Extracted data entries:
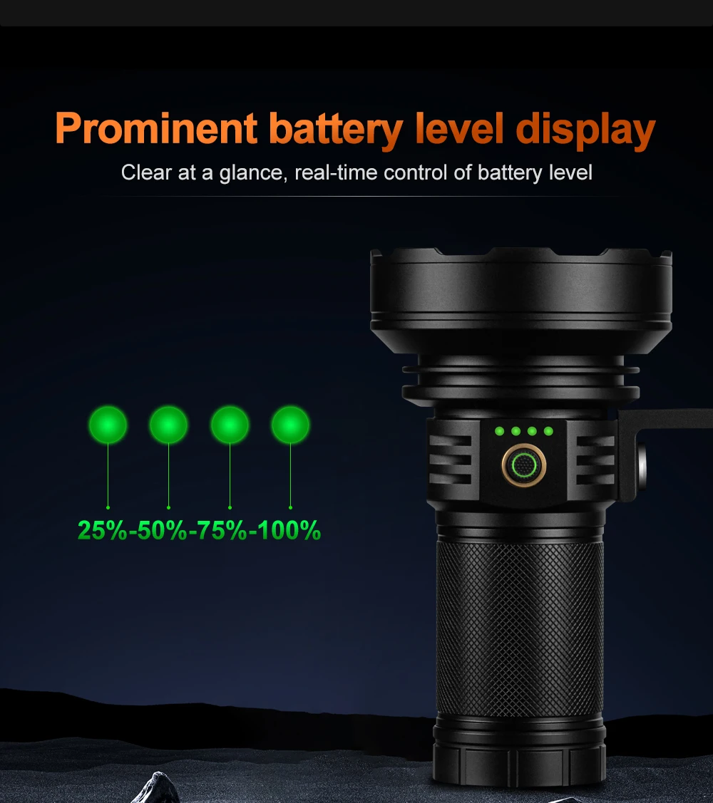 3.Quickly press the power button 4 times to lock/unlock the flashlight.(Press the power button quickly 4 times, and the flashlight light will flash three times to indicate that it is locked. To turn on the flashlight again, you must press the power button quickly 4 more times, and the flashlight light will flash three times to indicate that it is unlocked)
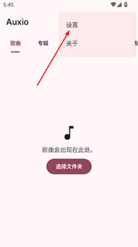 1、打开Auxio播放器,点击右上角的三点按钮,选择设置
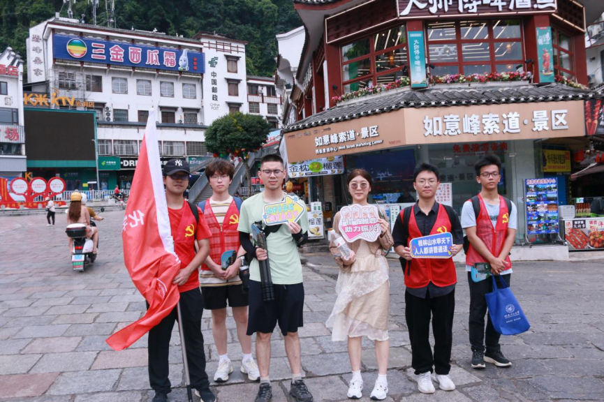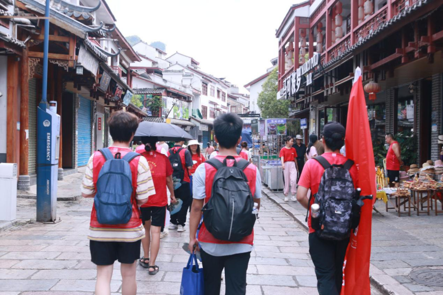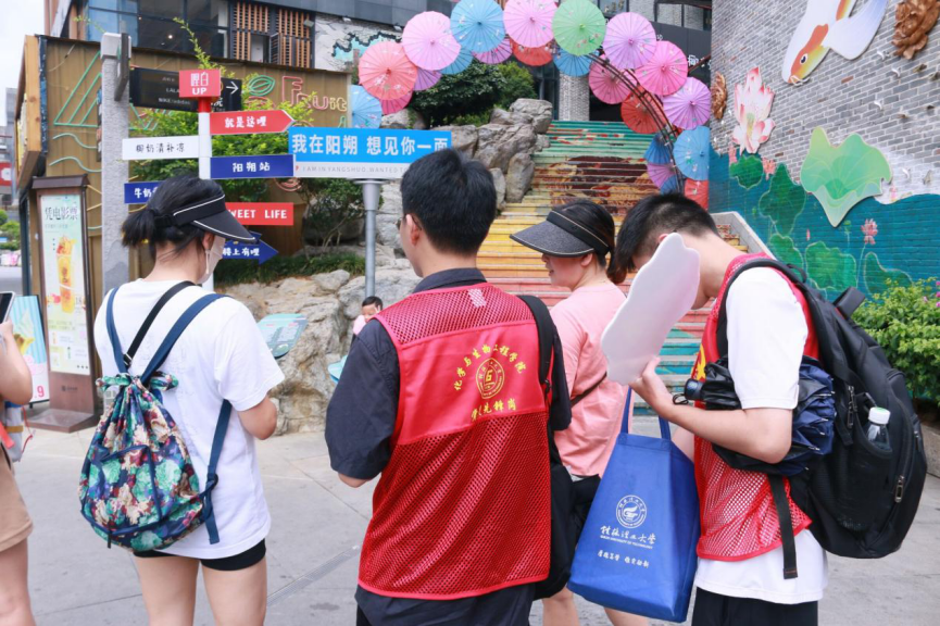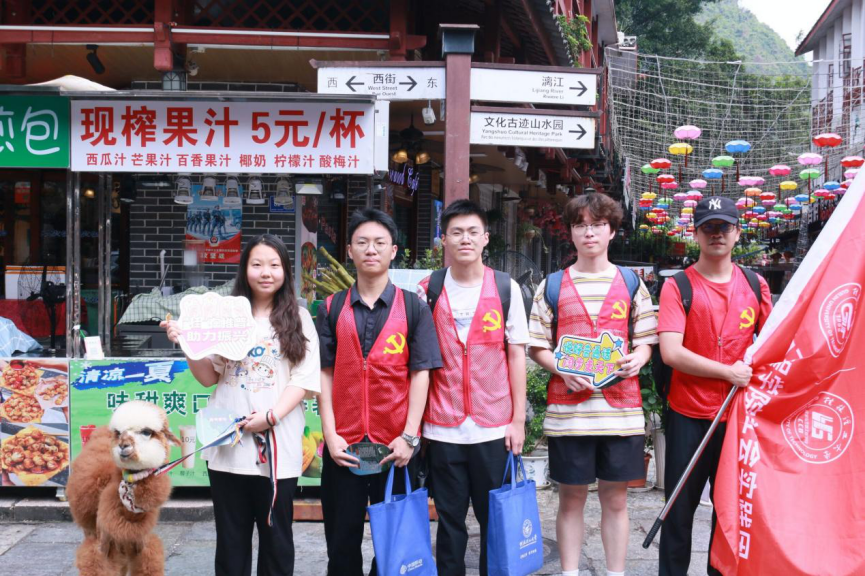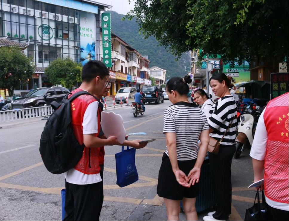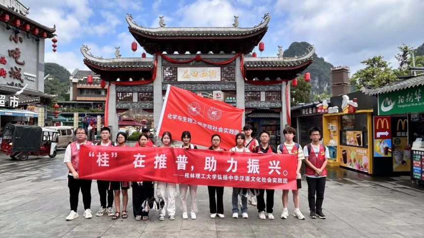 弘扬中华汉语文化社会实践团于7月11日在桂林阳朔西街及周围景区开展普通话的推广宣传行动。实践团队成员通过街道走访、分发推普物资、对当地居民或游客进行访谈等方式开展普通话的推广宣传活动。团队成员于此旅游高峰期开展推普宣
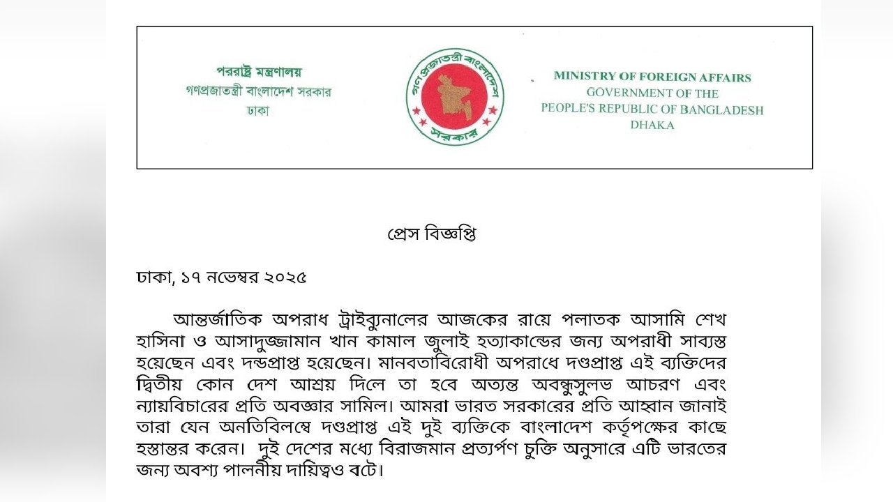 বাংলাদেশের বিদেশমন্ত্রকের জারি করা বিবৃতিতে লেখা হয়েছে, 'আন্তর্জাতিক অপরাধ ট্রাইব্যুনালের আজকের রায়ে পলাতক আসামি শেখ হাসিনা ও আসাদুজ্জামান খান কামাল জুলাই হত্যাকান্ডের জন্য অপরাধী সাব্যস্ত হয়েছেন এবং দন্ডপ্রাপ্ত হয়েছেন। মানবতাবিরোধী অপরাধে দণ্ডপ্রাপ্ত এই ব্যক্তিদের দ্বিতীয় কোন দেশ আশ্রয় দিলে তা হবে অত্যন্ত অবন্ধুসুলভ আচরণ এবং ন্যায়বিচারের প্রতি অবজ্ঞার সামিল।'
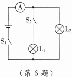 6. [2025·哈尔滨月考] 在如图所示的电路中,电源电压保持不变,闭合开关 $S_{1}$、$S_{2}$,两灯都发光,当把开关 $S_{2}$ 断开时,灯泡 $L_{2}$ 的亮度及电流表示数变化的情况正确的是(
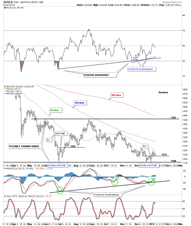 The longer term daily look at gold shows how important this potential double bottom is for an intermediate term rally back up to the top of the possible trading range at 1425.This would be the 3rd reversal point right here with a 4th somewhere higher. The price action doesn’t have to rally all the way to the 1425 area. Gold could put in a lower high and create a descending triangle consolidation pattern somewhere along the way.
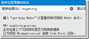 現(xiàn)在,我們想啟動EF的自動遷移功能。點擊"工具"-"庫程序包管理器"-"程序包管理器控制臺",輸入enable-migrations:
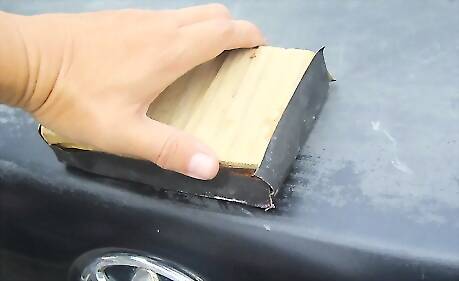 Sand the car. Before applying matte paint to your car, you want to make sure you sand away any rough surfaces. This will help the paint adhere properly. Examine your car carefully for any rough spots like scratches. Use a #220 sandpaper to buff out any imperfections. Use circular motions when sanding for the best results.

...

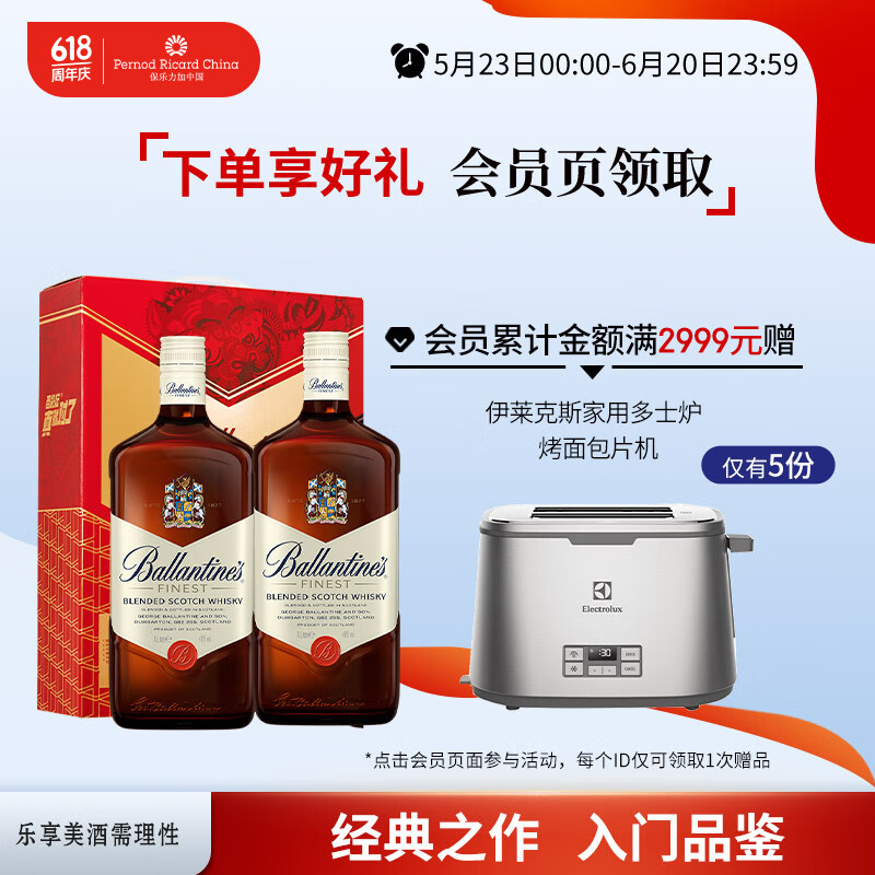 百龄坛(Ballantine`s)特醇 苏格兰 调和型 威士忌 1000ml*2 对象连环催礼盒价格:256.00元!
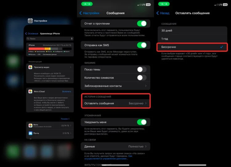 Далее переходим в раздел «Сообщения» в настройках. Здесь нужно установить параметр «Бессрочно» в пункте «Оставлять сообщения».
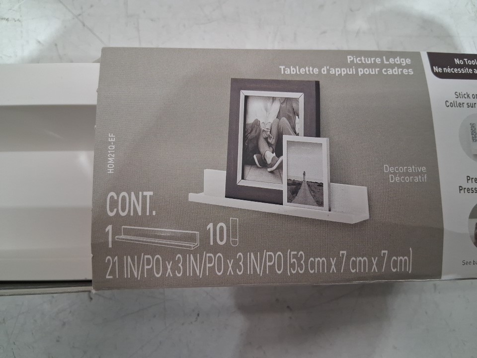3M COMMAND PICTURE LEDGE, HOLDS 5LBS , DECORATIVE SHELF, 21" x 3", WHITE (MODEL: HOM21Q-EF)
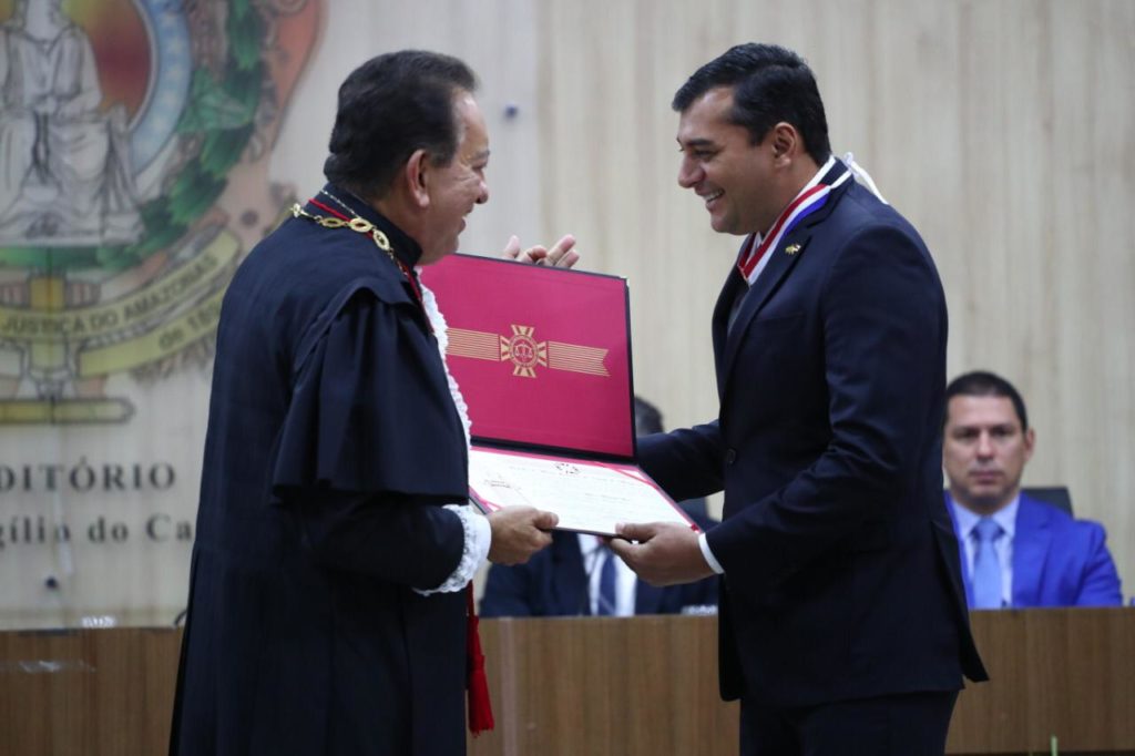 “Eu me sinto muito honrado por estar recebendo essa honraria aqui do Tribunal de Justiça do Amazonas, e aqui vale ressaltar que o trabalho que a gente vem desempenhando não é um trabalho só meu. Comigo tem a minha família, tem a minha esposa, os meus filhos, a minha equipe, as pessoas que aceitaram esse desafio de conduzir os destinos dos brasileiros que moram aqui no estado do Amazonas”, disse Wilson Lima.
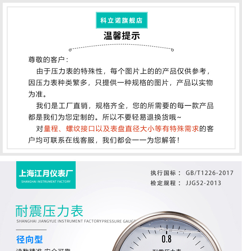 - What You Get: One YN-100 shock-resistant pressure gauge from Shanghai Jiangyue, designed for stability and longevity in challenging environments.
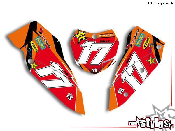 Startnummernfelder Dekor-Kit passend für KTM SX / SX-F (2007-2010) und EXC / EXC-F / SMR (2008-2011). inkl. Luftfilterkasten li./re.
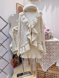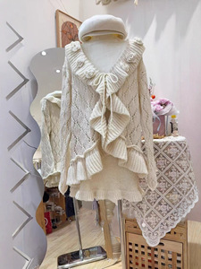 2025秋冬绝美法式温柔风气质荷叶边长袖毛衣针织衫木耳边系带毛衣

● WHAT IS NEEDED:
Transcribe exactly the lines above, beginning at the one with "3.Quickly press the" and going up to and including the one with "1、打开Auxio播放器,点击右上角的三点按钮,选择设置". Pictures do not belong in the copy.

● PROBLEM SOLUTION:
 3.Quickly press the power button 4 times to lock/unlock the flashlight.(Press the power button quickly 4 times, and the flashlight light will flash three times to indicate that it is locked. To turn on the flashlight again, you must press the power button quickly 4 more times, and the flashlight light will flash three times to indicate that it is unlocked)
 1、打开Auxio播放器,点击右上角的三点按钮,选择设置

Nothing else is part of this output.